In an earlier post, I showed how Java could be used to access Big Data. I also stated that I had many problems with Java itsself. I noted that I was not the only one to have issues with Java. A much easier language is Python. This language is really easy to learn and it can be used in more or less the same situation as the Java programme.
The mapper step is implemented with a Python programme that contains:
for line in sys.stdin: val = line.strip() (year, temp) = (val[7:9], val[36:39]) try: if ((type(int(year)) == type(int(7))) and (type(int(temp)) == type(int(7)))): print "%s\t%s" % (year, temp)
This part retrieves a year and temperature from the datastream. It checks as to whether the values are actually temperatures and years (they may contains values from a header or empty values).
The summarising reduce job is implemented with:
(last_key, max_val) = (key, max(max_val, int(val)))
These jobs are executed with:
hadoop jar /usr/local/hadoop/contrib/streaming/hadoop-streaming-1.2.1.jar \ -input /user/ww-ii-data.txt \ -output /user/output31 \ -mapper /home/hduser/max_temperature_map.py \ -reducer /home/hduser/max_temperature_reduce.py
The first part of this command translates the file that is stored in hadoop into a stream.

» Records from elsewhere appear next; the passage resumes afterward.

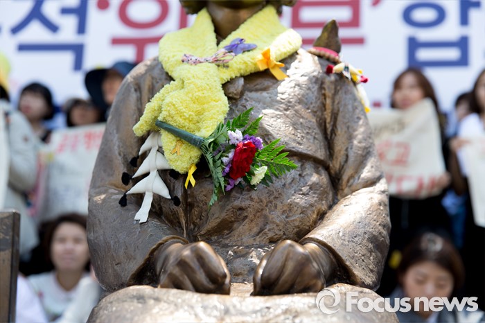 (서울=포커스뉴스) 4일 오후 서울 종로구 옛 일본대사관 앞에서 열린 제1229차 일본군 위안부 문제해결을 위한 정기 수요집회에서 소녀상에 카네이션이 달려있다.
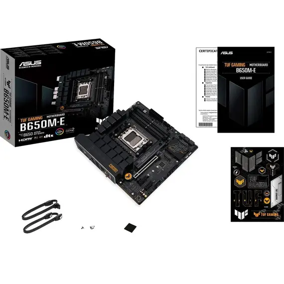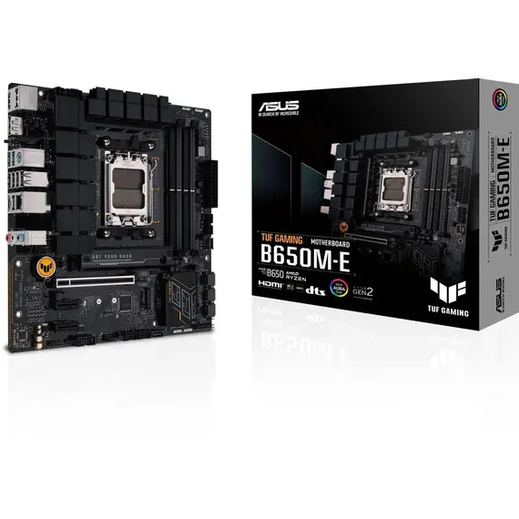 Материнская плата ASUS TUF GAMING B650M-E — это надежное и производительное mATX-решение, разработанное для геймеров и энтузиастов, которые ищут отличное сочетание производительности, долговечности и современного функционала по доступной цене. Она идеально подходит для создания высокопроизводительной игровой системы на базе новейших процессоров AMD Ryzen 7000 и 8000 серий, предлагая проверенную временем платформу AM5, поддержку стандарта PCIe 4.0 и надежные компоненты серии TUF Gaming.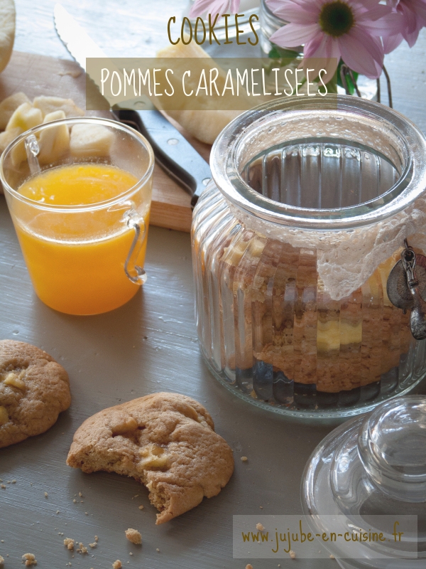 j’ai une recette de base qui me convient très bien,donc je prendrai ma recette mais par-contre je t’empreinte l’idée de cookies aux pommes caramélisées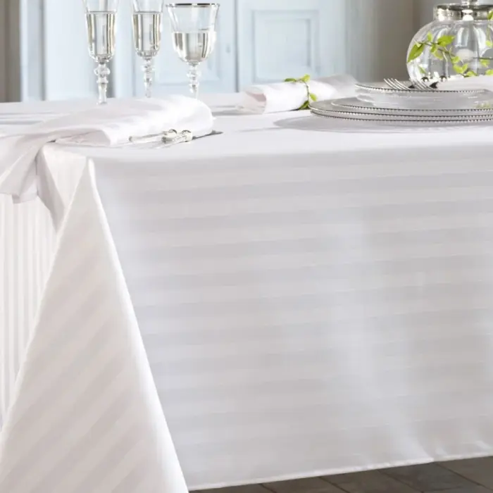 Aceasta fata de masa este confec ionata din damasc satinat cu dungi de 2 cm, este un produs deosebit ca aspect i calitate, ce ofera o atingere matasoasa.Dungile esute elegant n textura materialului ofera un aer sofisticat ce se adapteaza oricarui stil de interior.Reprezinta recomandarea noastra atat pentru casa dumneavoastra cat si pentru restaurante.Damascul sau bumbacul egiptean este versiunea de lux a bumbacului obi nuit, ce are un fir fin, o esatura densa de damasc, o stralucire matasoasa i o fine e aparte.

The stream is split over different servers. On each server the lines are investigated to retrieve year and temperature. This is done with the programme that is mentioned in the mapper clause. Subsequently, the results are merged with the programme that is mentioned in the reducer clause.

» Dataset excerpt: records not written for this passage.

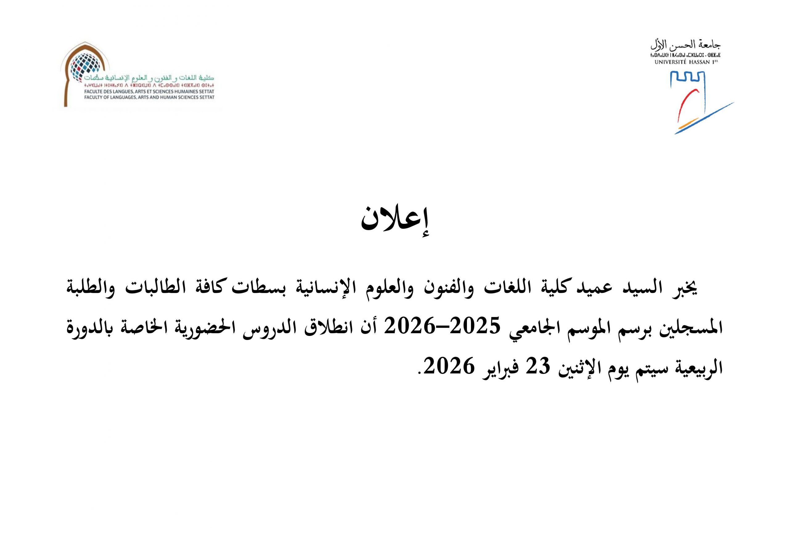 إعلان عن انطلاق الدروس الخاصة بالدورة الربيعية ACTUALITÉS FLASH 20 février 2026 flashweb Post Views: 260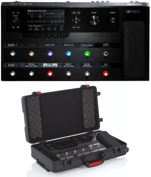 The Helix multi-effects guitar pedal is a new kind of multi-effects floorboard processor that provides massive power and flexibility for creating authentic tones. Packed with Line 6s advanced HX modeling engine, Helix lets you hear brand-new models of vintage and modern amps, cabs, mics and effectsall designed to sound and feel just like the originals. This premium multi-effects unit appeals to players seeking a streamlined yet comprehensive guitar interface for studio, stage or a hybrid rig.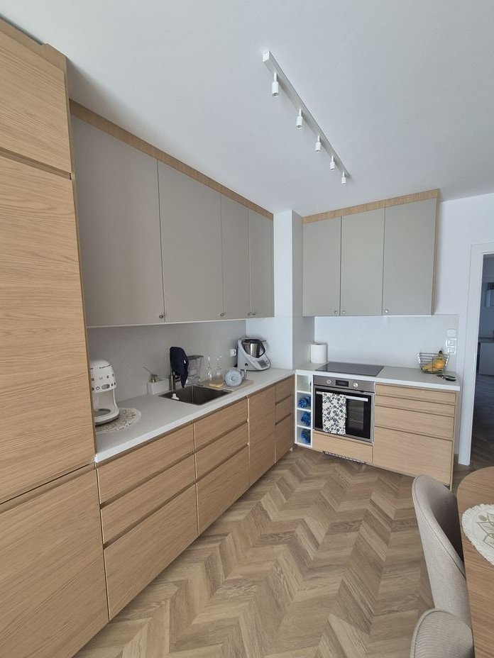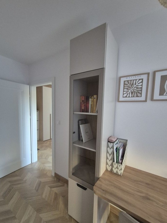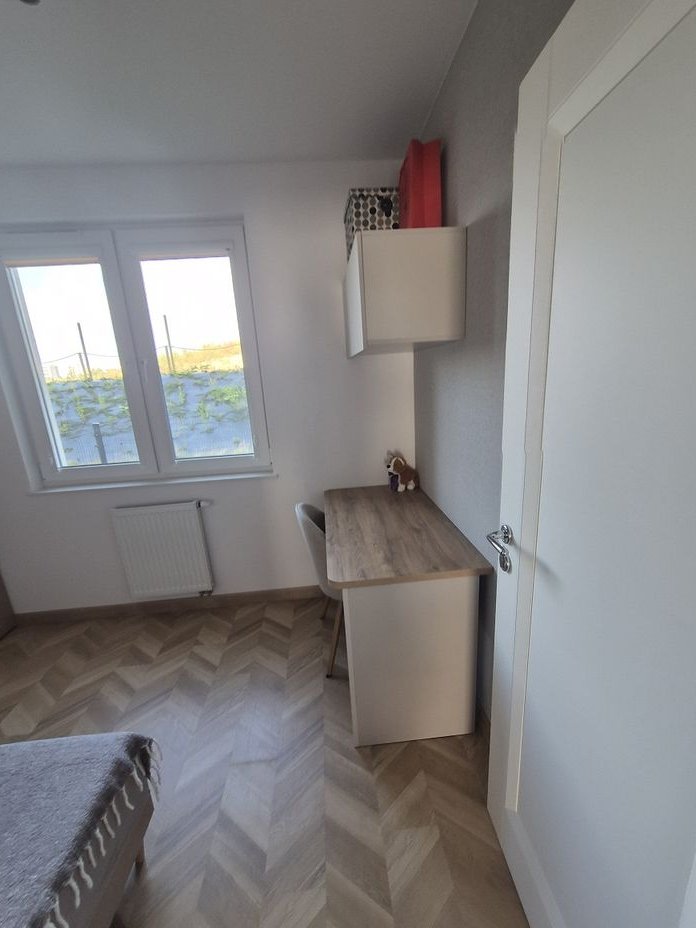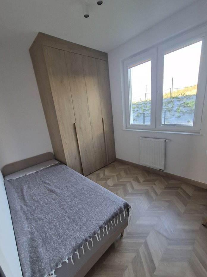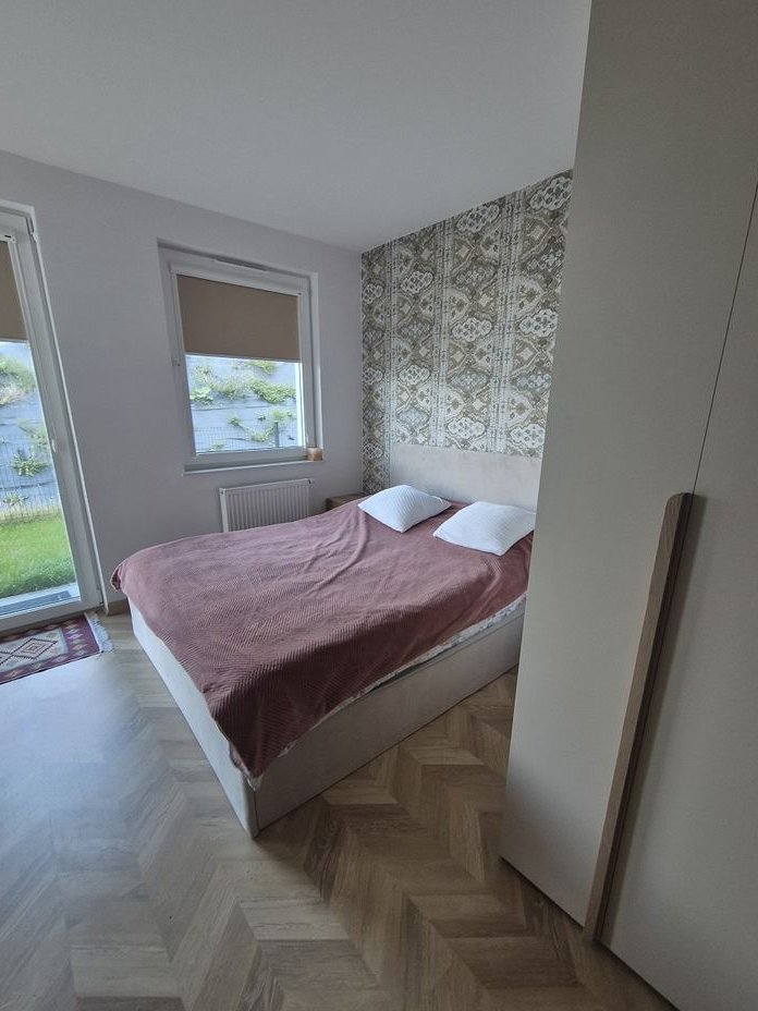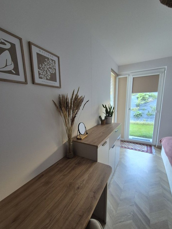 Ustawny układ – salon z aneksem kuchennym w pełni wyposażony i wyjsciem na pierwszy ogródek okolo 25m2, dwie regularne sypialnie okolo 7,8m2 każda z biurkami , szafami i łożkami oraz duża głowna sypialnia 16,8 m2 z duzymi przeszkleniami, łozkiem 160x200, biurkiem szafkami wokół oraz ogromną szafą i wyjsciem na duży drugi ogórdek 50m2, dwie niezależne łazienki , jedna z wanną, druga z prysznicem które można wykorzystywać jako schowek, pralnia lub garderoba. W korytarzu znajduje się spora szafa, zabudowa na buty .

The reason to use Python instead of Java is the user friendliness of Python, compared to Java. It took me 7 days to get the Java programme running; whereas the Python programme only took me a few hours to write. My knowledge of Java is very limited; the same holds for Python. As Python is much easier to use, the time gain was enormous. This coincides with other experiences where Python was much preferred over Java.